Dept of Internal Medicine V, Comprehensive Pneumology Center (CPC-M), Member of the German Center for Lung Research (DZL), University of Munich, Munich, Germany
Both authors contributed equally.
Eur Respir J. 2017 Apr 12;49(4). doi: 10.1183/13993003.01315-2016. Print 2017 Apr.
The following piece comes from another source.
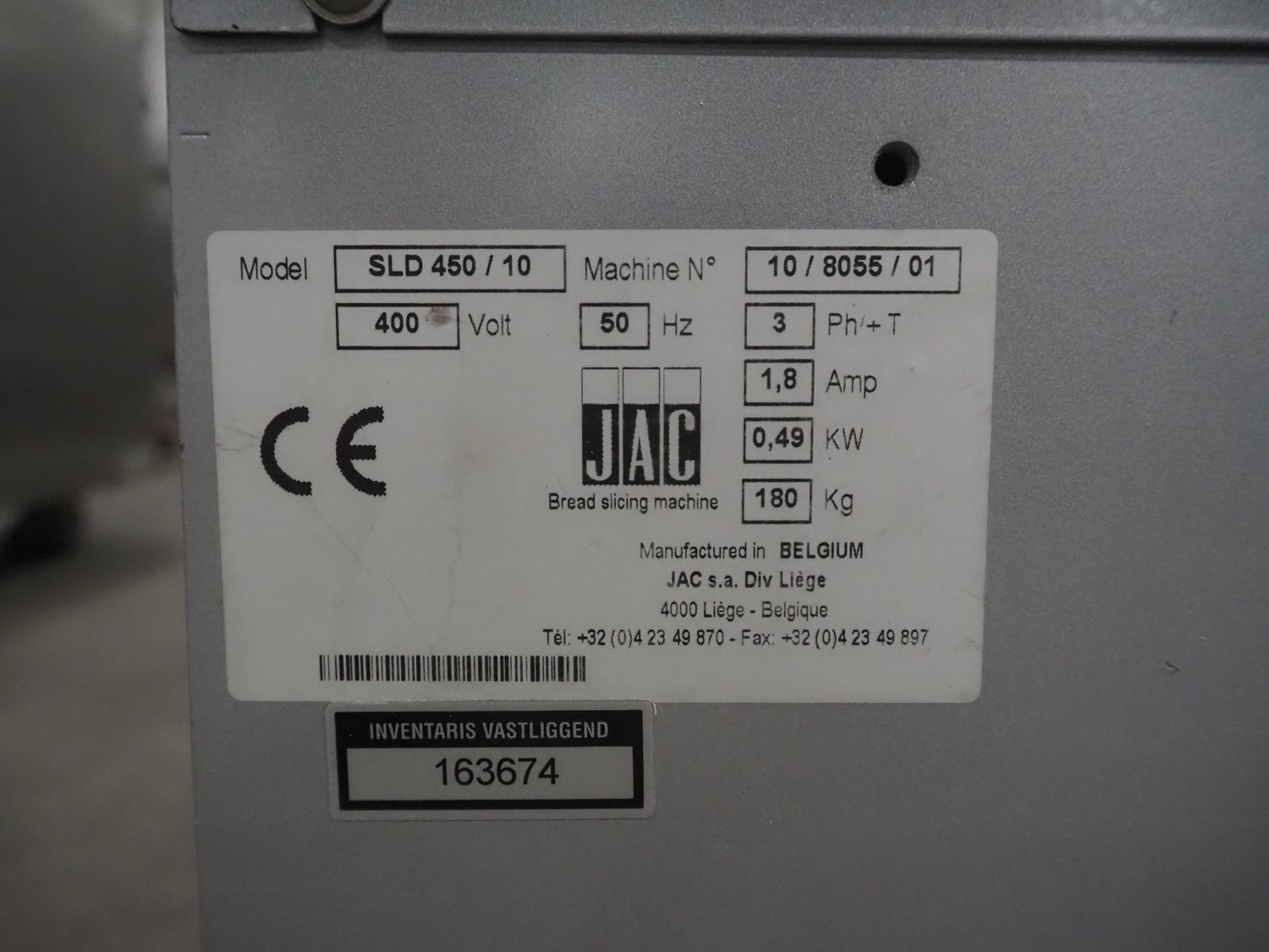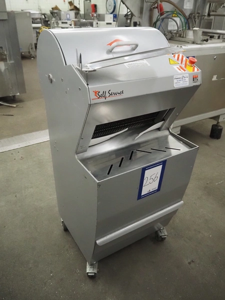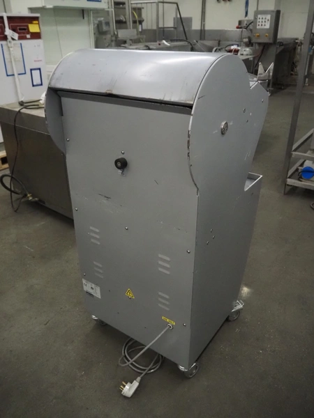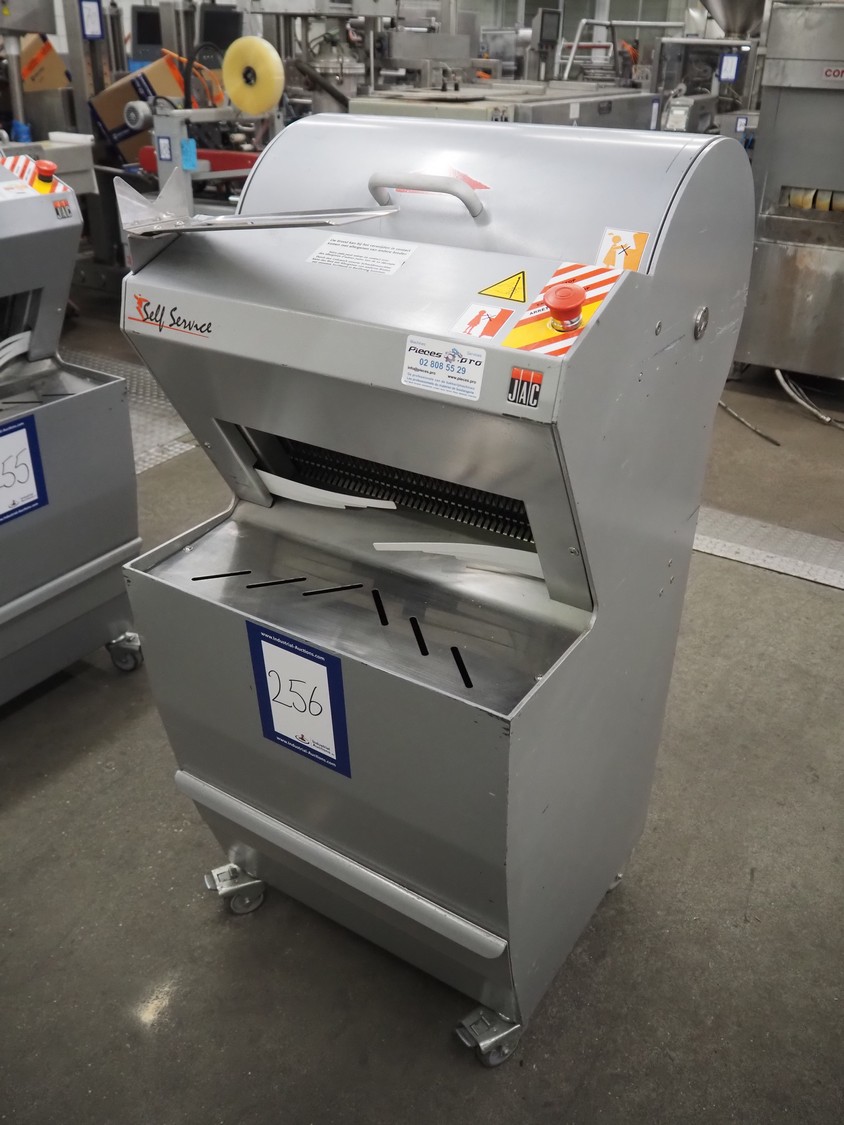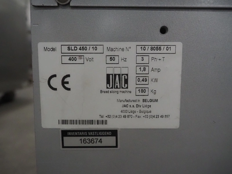 Jac mobile bread slicer, model: SLD 450/10, machine number: 10/8055/01, 400 V, 3 Ph, 50 Hz, 1.8 A, 0.49 kW, weight: 180 kg, working width: 440 mm, 41 knifes, distance between knifes: 10 mm, total dimensions: 700 mm x 600 mm x 1300 mm.

Identification of disease phenotypes might improve the understanding of patients with chronic lung allograft dysfunction (CLAD). The aim of the study was to assess the impact of pulmonary restriction and air trapping by lung volume measurements at the onset of CLAD.A total of 396 bilateral lung transplant recipients were analysed. At onset, CLAD was further categorised based on plethysmography. A restrictive CLAD (R-CLAD) was defined as a loss of total lung capacity from baseline. CLAD with air trapping (AT-CLAD) was defined as an increased ratio of residual volume to total lung capacity. Outcome was survival after CLAD onset. Patients with insufficient clinical information were excluded (n=95).Of 301 lung transplant recipients, 94 (31.2%) developed CLAD. Patients with R-CLAD (n=20) and AT-CLAD (n=21), respectively, had a significantly worse survival (p<0.001) than patients with non-R/AT-CLAD. Both R-CLAD and AT-CLAD were associated with increased mortality when controlling for multiple confounding variables (hazard ratio (HR) 3.57, 95% CI 1.39-9.18; p=0.008; and HR 2.65, 95% CI 1.05-6.68; p=0.039). Furthermore, measurement of lung volumes was useful to identify patients with combined phenotypes.Measurement of lung volumes in the long-term follow-up of lung transplant recipients allows the identification of patients who are at risk for worse outcome and warrant special consideration.
识别疾病表型可能有助于加深对慢性肺移植物功能障碍(CLAD)患者的认识。本研究旨在通过肺量测定评估 CLAD 发病时肺限制和空气潴留的影响。
共分析了 396 例双侧肺移植受者。CLAD 发病时,根据体描仪进一步分类。限制性 CLAD(R-CLAD)定义为总肺容量从基线丢失。伴有空气潴留的 CLAD(AT-CLAD)定义为残气量与总肺容量比增加。结局为 CLAD 发病后的生存情况。排除临床资料不足的患者(n=95)。
301 例肺移植受者中,94 例(31.2%)发生 CLAD。R-CLAD(n=20)和 AT-CLAD(n=21)患者的生存率明显较差(p<0.001),而非 R/AT-CLAD 患者的生存率较差。控制多种混杂变量后,R-CLAD 和 AT-CLAD 均与死亡率增加相关(危险比(HR)3.57,95%CI 1.39-9.18;p=0.008;HR 2.65,95%CI 1.05-6.68;p=0.039)。此外,肺容积测量有助于识别具有联合表型的患者。
在肺移植受者的长期随访中测量肺容积,可以识别出预后较差的患者,并需要特别考虑。